Good grief. Yellow journalism much?
Windows has about 50% share or less in higher education.
Just because some books may be a gig in size does not mean all books are. Sheesh. Talk about logical fallacies.
Finally, this is almost certainly geared toward higher education, where, considering the cost of textbooks, the ipad is a reasonable expense.
Windows has far more then 50% in higher education
but even if you're right, half the people can't use it.
half the people
can't create content for it.
statistics
what percentage is sitting on an office desk for nothing but office work?
yeah, it's an impressive percentage but until it includes people like pretty much my entire family, who could get by with a chromebook and never know the difference, it's not very revealing. my sister bought a laptop because it came with a printer. i told her it wasn't the best deal. she got it anyway, two years on and printer is still in it's box. she's not about to be creating books any time soon.
so you take away businesses and take away my family and those like them, then what are we left with?
still, i agree. having the creator available for other platforms would have been the smart move.
RE: Apple rocks the e-publishing boat: Three key questions
And really just the thought of requiring students to have to have an iCrap to use for textbook without an alternative should be illegal unless Apple is willing to give each students in this country (to start) a free iCrap.
RE: Apple rocks the e-publishing boat: Three key questions
Apple has intergrated the ePUB standard into it's iWorks publishing app, Pages, as well as Apple's iBook online resource for quite sometime.
RE: Apple rocks the e-publishing boat: Three key questions
Same song, different chorus
That sounds like
"If they force people to use iTunes, they'll never sell iPods"
"If they don't let people build apps on Windows, the App Store will fail"
"If they don't charge less that $1 a song, the iTunes store is doomed"
...and so on.
This has nothing to do with Windows, Linux, or OSX for that matter, unless you want to create and publish the books.

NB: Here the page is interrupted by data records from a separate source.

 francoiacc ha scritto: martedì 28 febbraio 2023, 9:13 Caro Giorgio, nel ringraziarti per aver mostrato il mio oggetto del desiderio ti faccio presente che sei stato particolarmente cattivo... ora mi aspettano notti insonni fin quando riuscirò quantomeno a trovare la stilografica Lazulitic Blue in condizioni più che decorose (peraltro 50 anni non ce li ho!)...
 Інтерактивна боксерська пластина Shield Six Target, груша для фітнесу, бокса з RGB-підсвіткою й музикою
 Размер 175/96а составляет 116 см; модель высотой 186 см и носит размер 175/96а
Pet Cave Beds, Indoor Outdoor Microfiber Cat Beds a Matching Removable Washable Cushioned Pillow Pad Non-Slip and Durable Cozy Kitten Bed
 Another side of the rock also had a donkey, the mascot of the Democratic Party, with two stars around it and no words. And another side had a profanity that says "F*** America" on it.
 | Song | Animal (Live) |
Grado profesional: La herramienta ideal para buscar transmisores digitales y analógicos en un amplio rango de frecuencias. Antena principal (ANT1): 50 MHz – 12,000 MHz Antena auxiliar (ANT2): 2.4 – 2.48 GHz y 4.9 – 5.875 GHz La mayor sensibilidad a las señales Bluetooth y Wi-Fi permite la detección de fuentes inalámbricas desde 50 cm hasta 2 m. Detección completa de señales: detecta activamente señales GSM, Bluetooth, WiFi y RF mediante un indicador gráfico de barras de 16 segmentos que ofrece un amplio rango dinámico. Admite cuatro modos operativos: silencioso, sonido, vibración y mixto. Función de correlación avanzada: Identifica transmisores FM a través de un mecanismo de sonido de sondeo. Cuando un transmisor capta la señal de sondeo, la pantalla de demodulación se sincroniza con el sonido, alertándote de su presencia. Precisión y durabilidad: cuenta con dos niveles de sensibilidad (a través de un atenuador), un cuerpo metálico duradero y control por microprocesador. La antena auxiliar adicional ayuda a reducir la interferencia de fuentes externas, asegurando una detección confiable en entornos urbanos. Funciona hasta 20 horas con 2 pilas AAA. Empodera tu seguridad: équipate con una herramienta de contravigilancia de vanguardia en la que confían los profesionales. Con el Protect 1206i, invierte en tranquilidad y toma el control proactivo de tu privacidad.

Publishing and Higher Education remain strong markets for the Mac and OSX as it is. For the consumption of the textbook content (you know, that thing which *students* will be doing) you need an iPad. It won't work on Android tablets, and it won't work on Windows tablets (where are those again?) but if you own a tablet device the odds are that it is an iPad.
The initiative may eventually fade or fail altogether. If it does, though, it won't be because of the lack of Windows support.
RE: Apple rocks the e-publishing boat: Three key questions
At least if they port iBooks Author to Windows & still for free, then I can live with the fact that I can only publish to the iBooks store.
RE: Apple rocks the e-publishing boat: Three key questions
Welcome to what many Mac users have experienced for years with a variety of applications that were Windows only. And Microsoft wasn't exactly friendly with other platforms with allot of their software (e.g. Exchange, Windows Media format, etc.) until not all that long ago, and still aren't with things like ActiveX.
The advantage of iBooks is simple. You're publishing your books to pretty much the most successful (in terms of sales revenue) mobile device ecosystem which also happens to be tied to the only tablet that seems to matter (at present) in terms market share.